In the beginning there was fire

Hello
Thankyou for visiting me as I begin my latest project/fad/attempt at being multi talented.  This is my account of being a working mum who tries very hard to be a domestic goddess but gets it a bit wrong.

I didn't learn to cook until I left home at 19. Until that point I believed all food stuffs came out of a tin or a box; my mum was the queen of convenience food way before the concept was even properly invented. I remember poking mysterious, polystyreney "noodles" from of a box around my plate, convinced they were space food. Even now she will amaze me with her inability/refusal to cook anything fresh, and recently phoned me up to say how wonderful it was that Iceland had started selling bags of scrambled egg that were microwave ready in 2 minutes.

I almost burned the school down down at 13 during a home economics class. We were instructed to make a gooseberry fool, and I was concentrating so hard on pureeing my fruit in a large industrial looking blender that I completely forgot about the custard I had left on the hob. Five minutes later the class had to be evacuated from the room while smoke and flames billowed up from the shrivelled, coal like substance that was once meant to be creme anglaise. Five years later I almost killed my best friend by attempting to cook her chips- essentially raw slices of potato shallow fried in oil and water. Again, there were flames. 

Because of this dubious start in gastronomic life, I was determined that in adulthood I would only ever cook proper, fresh food myself, and pride myself on the fact that no matter how hard you look, you'll never find a jar of ragu or sweet and sour in my house. When Rosie was born 8 years ago I was even more determined to become a domestic goddess , and the kitchen is full of cookery books and "homely" items like scales and gingham curtains. As a working mum and part of the "have it all" generation I feel a need to try harder than the other mothers at the school gates, most of whom don't work and have immaculate houses.     

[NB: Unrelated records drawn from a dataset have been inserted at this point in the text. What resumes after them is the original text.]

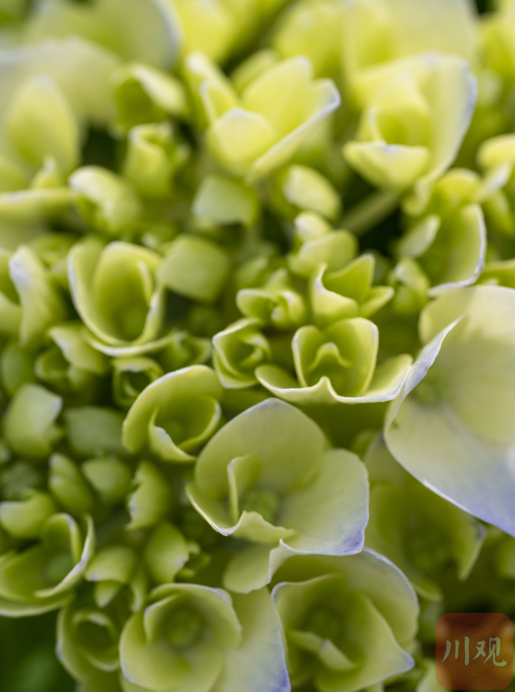 绣球,属木本植物。树冠为球形,花密集,粉红色、淡蓝色或白色,原产地中国、日本等。
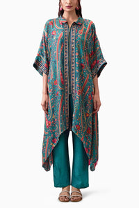 The Teal Green Qala Embellished Asymmetrical Kimono Sleeves Kurta, crafted in Crepe, exudes contemporary elegance. The kurta features striking asymmetrical kimono sleeves, enhanced with delicate embellishments, creating a chic and modern silhouette. Paired with matching pants, this ensemble is perfect for a stylish, refined look at any occasion.
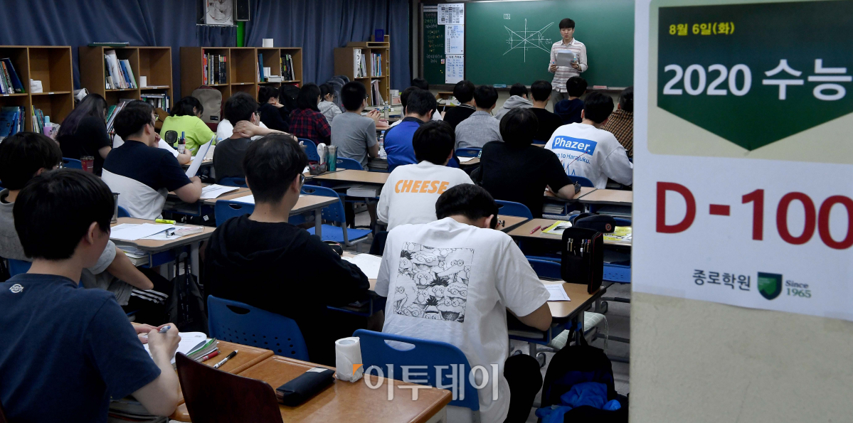 2020학년도 대학수학능력시험을 100일 앞둔 6일 서울 양천구 오목로 목동종로학원에서 학생들이 수험준비에 매진하고 있다.
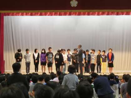 また、北沢まつりで行われた「子ども綱引き大会」で、優勝を始めいろいろな賞をいただいた児童の表彰がありました。
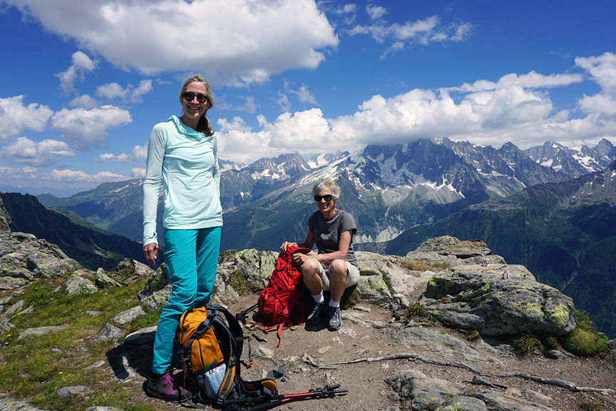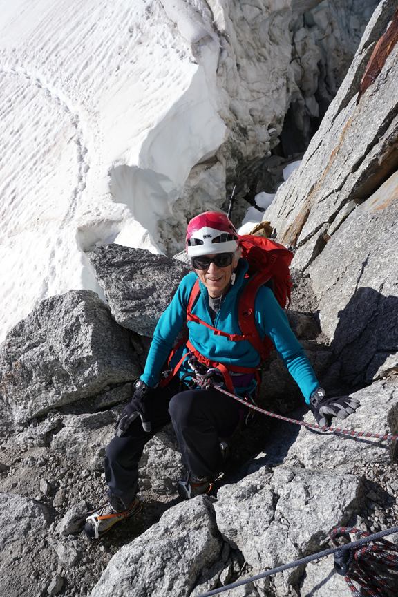 And on our last day, we were back up in the Aiguille Rouges. Gini and Mark were joined by Gini's friend Mary Beth. Our objective for the day (aside from simply enjoying the magnificent views) was Somone, a route Gini had enjoyed before. |
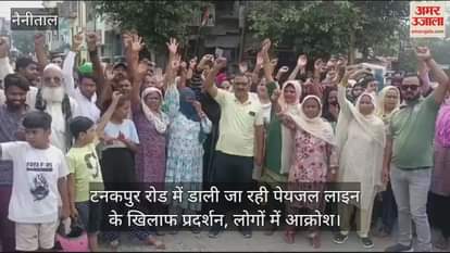 VIDEO : टनकपुर रोड में डाली जा रही पेयजल लाइन के खिलाफ प्रदर्शन, लोगों में आक्रोश
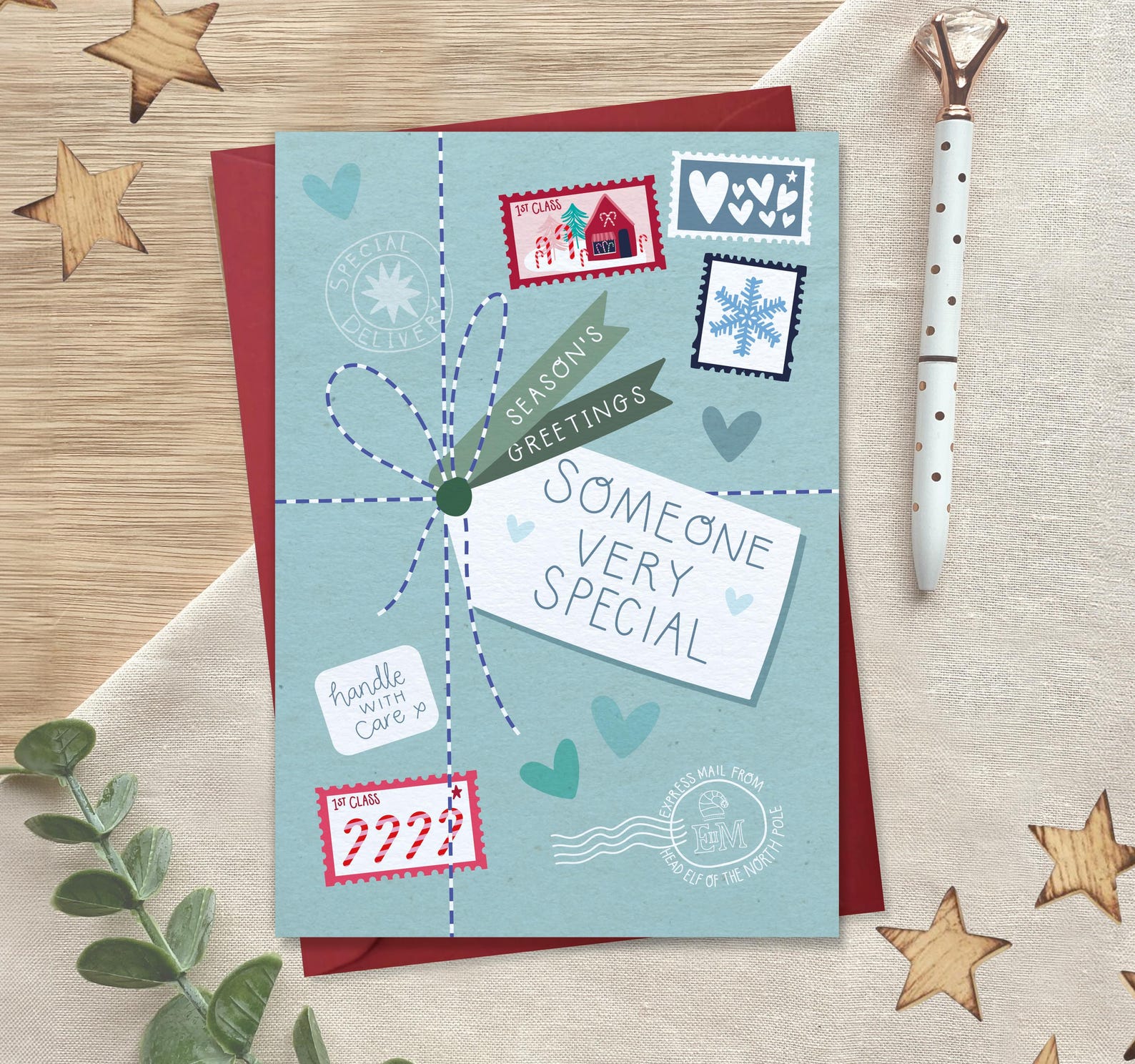 A cute card designed to look like a christmas parcel wrapped up in string, with a big tag which says 'someone very special' - it can be gifted to anyone you love including your Best friend, sister, brother, mum, dad, son, daughter
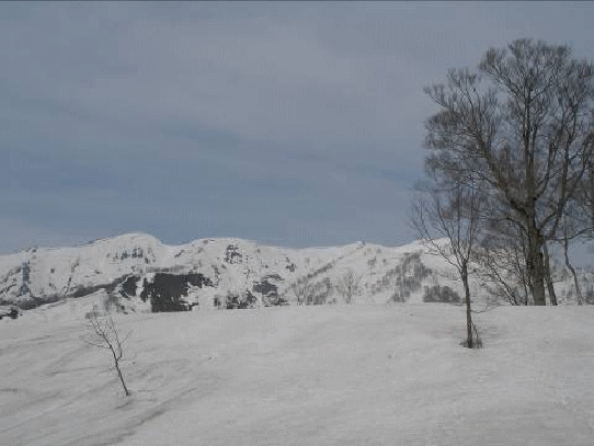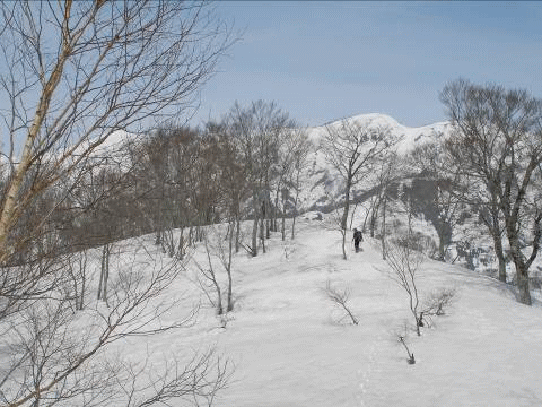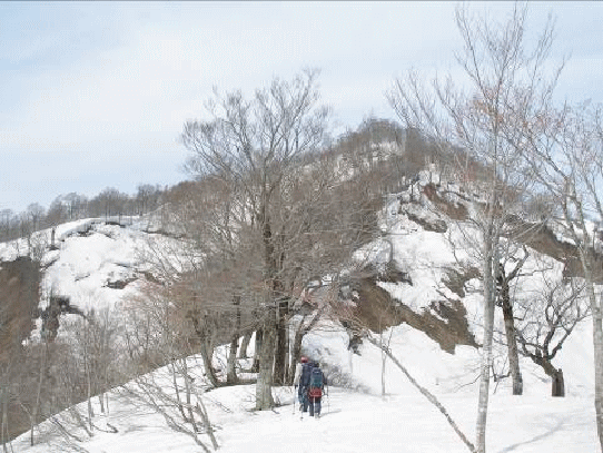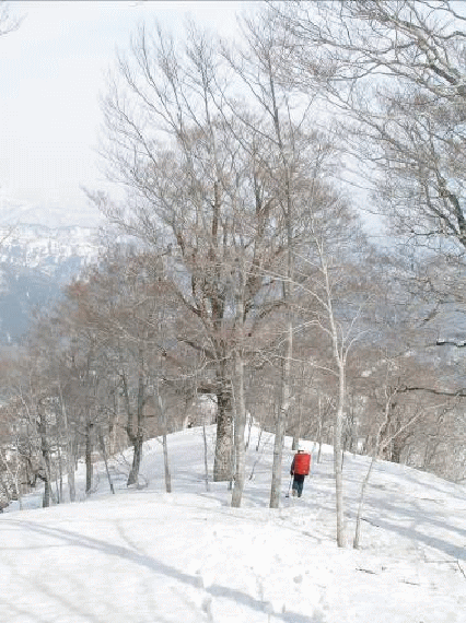 ここから山頂は山スキーのパラダイス!!となる…わけではなかった。尾根はまた細くなり、急斜面を登る。代塚山山頂下でやっとブナが点在する斜面が広がってきた。先回私たちが登った尾根が伸びている。個人的には山スキーにはこちらをお勧めしたい。
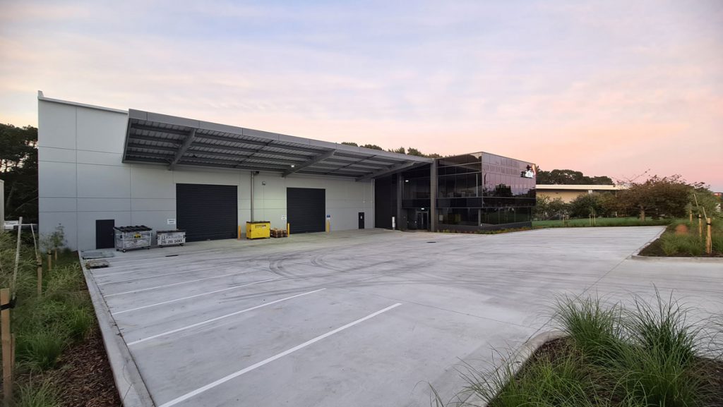 This build was the steepest site we had worked with before, but this didn’t hinder us from delivering maximum site coverage with a high load warehouse with full height feature precast walls. This was achieved with heavy in-situ bored concrete piles; 18m at the longest – supporting a shell beam and rib-and-infill floor. The frontage presents a 2-storey office with a striking architectural façade – and a high-end bespoke fitout. The site also boasts a generous concrete yard and large cantilevered canopy.
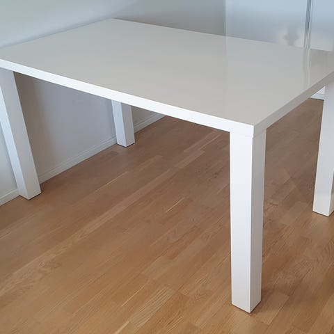 Valkoinen ruokapöytä. Pinnassa pieniä käytön jälkiä, mutta varsin siisti ja ehjä. Vain nouto!
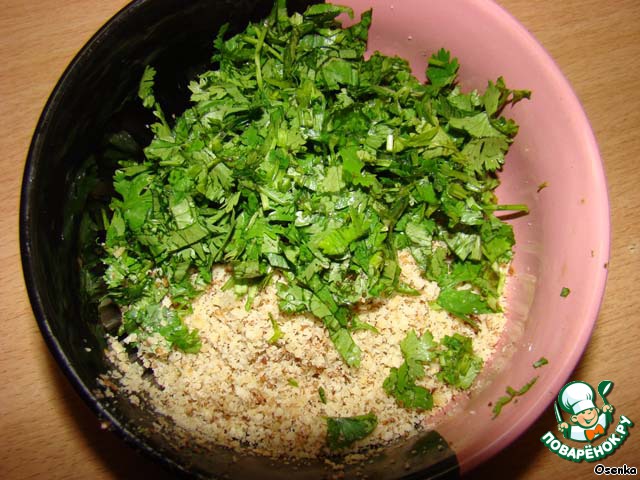 Мелко нарезать кинзу, добавить к орехам и чесноку.
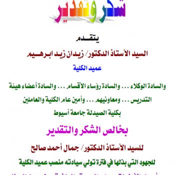 وافق مجلس كلية الصيدلة بجلسته رقم (595) المنعقدة بتاريخ 25/6/2013م على إعتذار السيدة الصيدلانية/ نسمة مصطفى محمد كمال - المدرس المساعد…
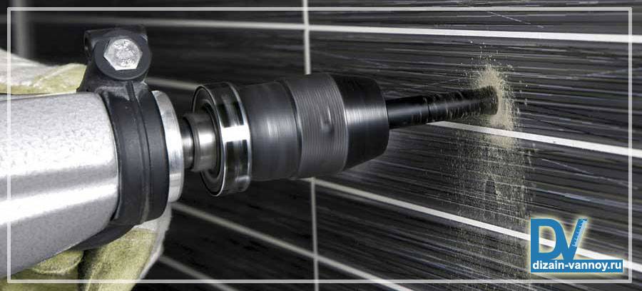 Вот теперь вооружаемся перфоратором или дрелью и сверлим отверстия в кафеле, а потом и в стене.
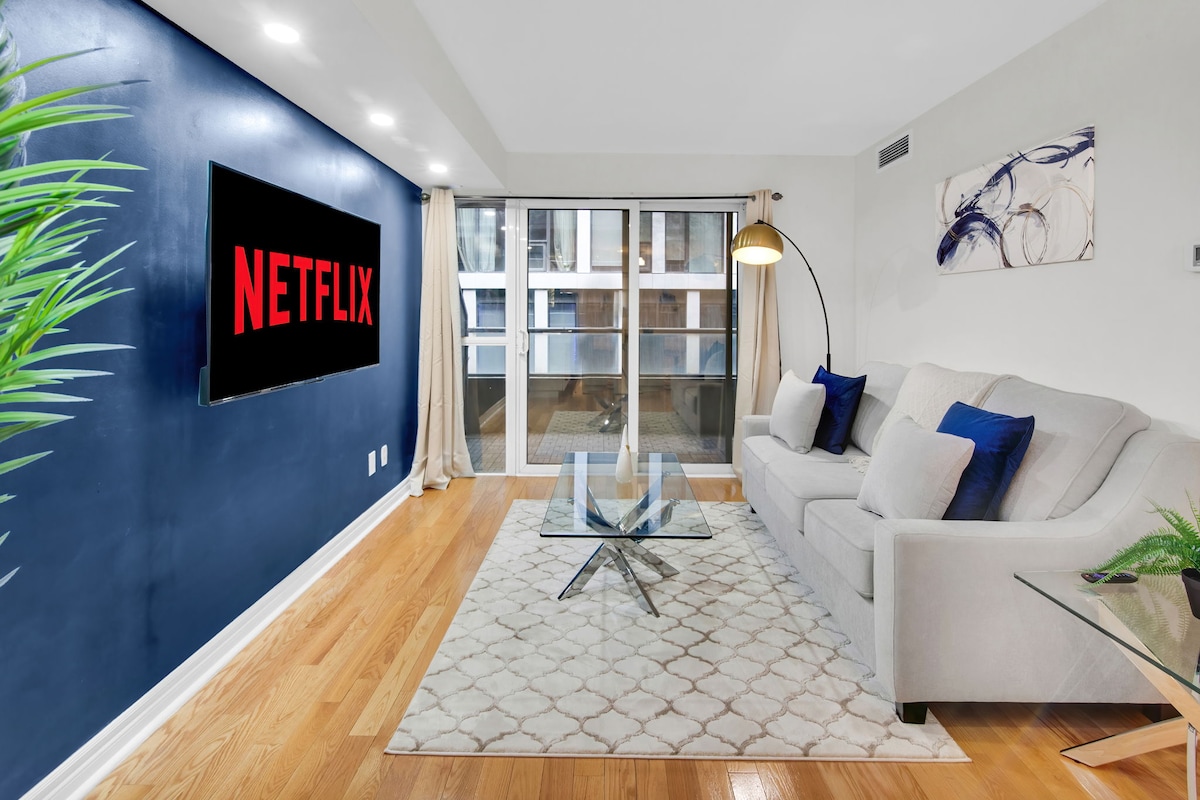 Welcome to your stylish 1 bedroom, 1 bathroom condo with 1 free parking space and only a 10 minute walk from the CN Tower, and right in the heart of Toronto! Enjoy the full indoor gym and sauna and the outdoor jacuzzi. A GoodLife fitness, LCBO and Scotiabank Theatre is just 5 minute walk! Cafes, restaurants, and entertainment surround the area. The unit includes fast Wi-Fi, Netflix, full kitchen, and in-suite laundry - perfect for work trips, weekend getaways, or extended stays.
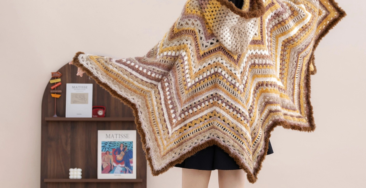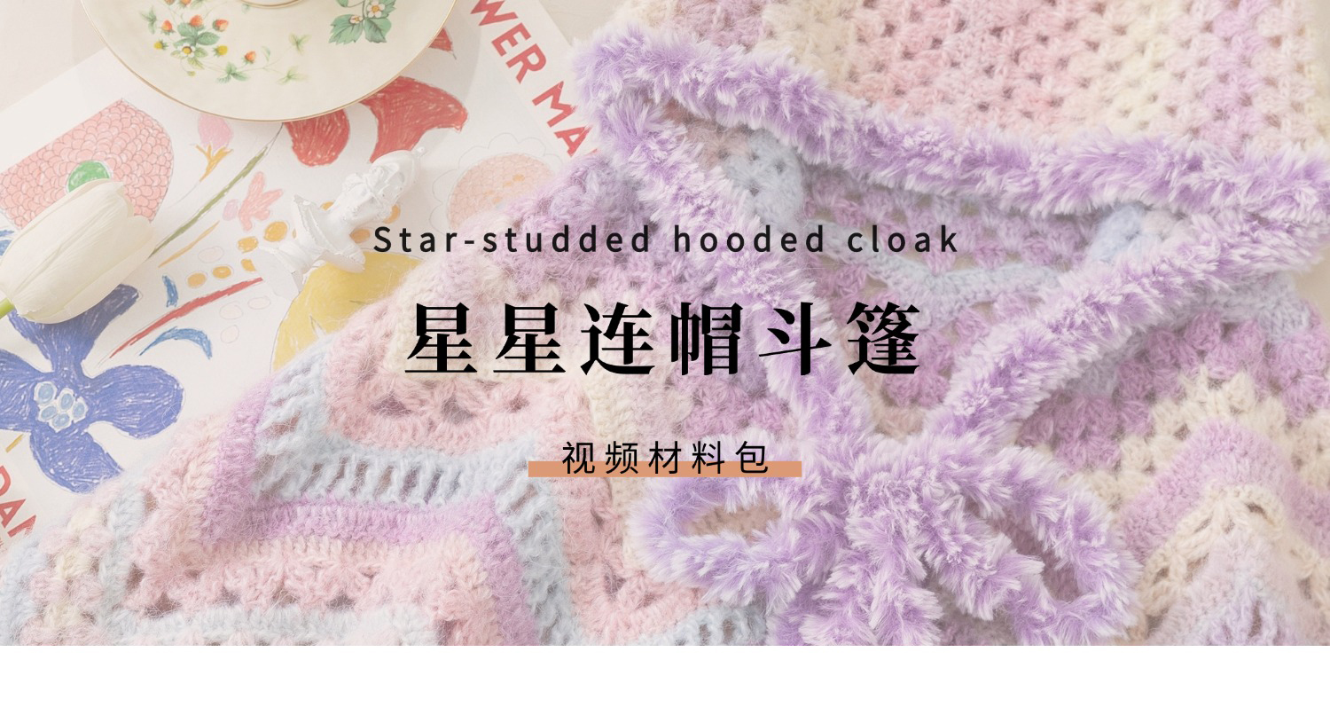 苏苏姐家星星连帽斗篷手工diy编织钩针毛线团自制衣服斗篷材料包
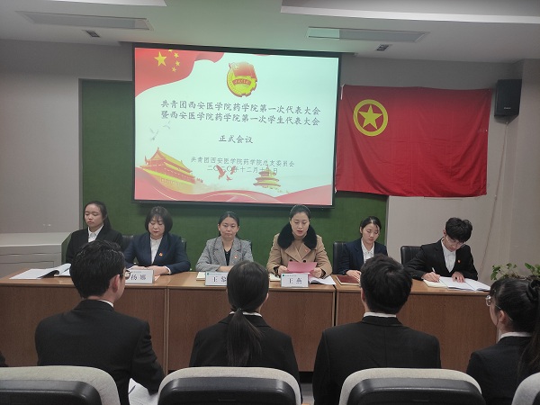 12月17日下午,共青團(tuán)西安醫(yī)學(xué)院藥學(xué)院第一次代表大會暨西安醫(yī)學(xué)院藥學(xué)院第一次學(xué)生代表大會于我院學(xué)術(shù)報告廳順利召開。校團(tuán)委書記王燕,藥學(xué)院黨總支副書記王黎、學(xué)生科科長楊欣雨、團(tuán)總支書記楊娜,陜西中醫(yī)藥大學(xué)藥學(xué)院張巖麗老師以及藥學(xué)院團(tuán)學(xué)代表團(tuán)體代表出席大會。
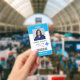 Esta mínima tarjeta vertical de identificación de empleado del hospital incluye tipografía moderna y diseño sencillo. Personalízalo con tu foto, logotipo, nombre, cargo, código de barras y texto personalizado.
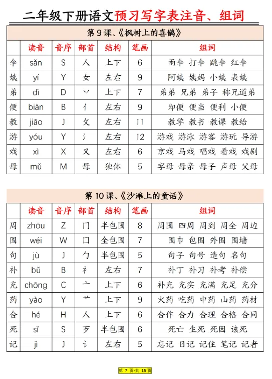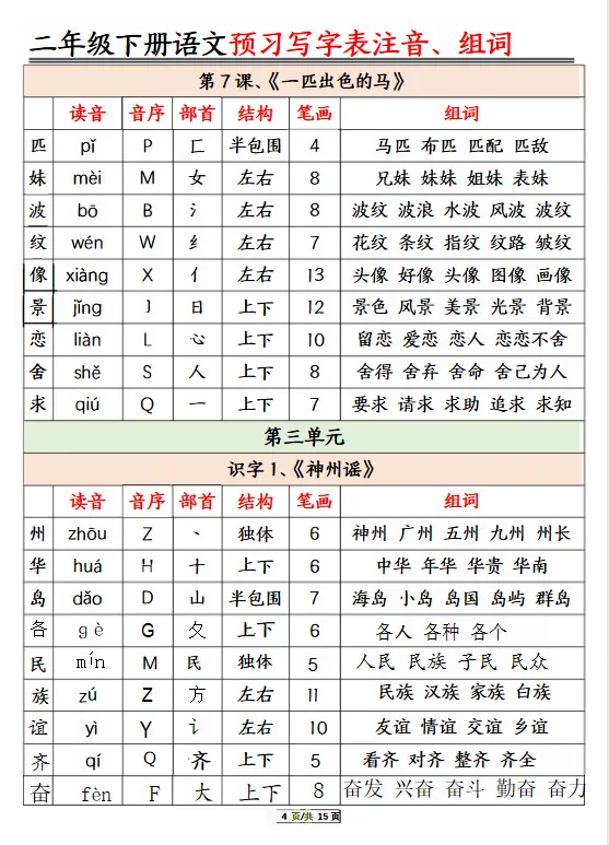 本站文章均为手工撰写未经允许谢绝转载:夜雨聆风 » 新二年级下册语文预习生字注音组词,电子版可打印
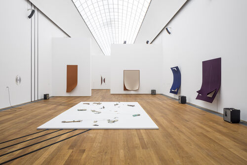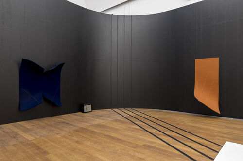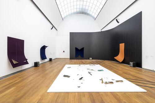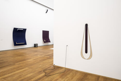 In the Hamburger Bahnhof show, these felt works are placed adjacent to a set of works by Joseph Beuys that also use felt. Both artists make use of the material’s fuzzy touch and sandy texture to convey warm comfort, but also a sense of alarm. While World War II–induced trauma was the main catalyst for Beuys’s suits and blankets in the material, for Tsabar, felt is connected with audio.

I am now a pretty good cook of almost anything savoury, and my macaroni cheese with leeks and bacon is legendary within the culinary hot spot that is Aylesbury (look it up). I love cooking and find it relaxing and therapeutic, but all feelings of calm and relaxation leave me if I attempt to enter the scientific world of baking. Whenever I attempt anything vaguely cakey, biscuity or sconey I end up feeling murderous and close to insanity, standing in my once clean kitchen red faced, demon eyed and covered in flour. If I try to cook biscuits they end up cakey, cakes turn out biscuity, and if I attempt to get clever and reverse the process I just end up with something that looks like it's been dug up.

The point of this blog is to share my daily battles with domesticity, and remind working mums that it's ok to be a little bit imperfect. I will be sharing recipes, along the way that you may have more success with than I- and hopefully there will be a few laughs too.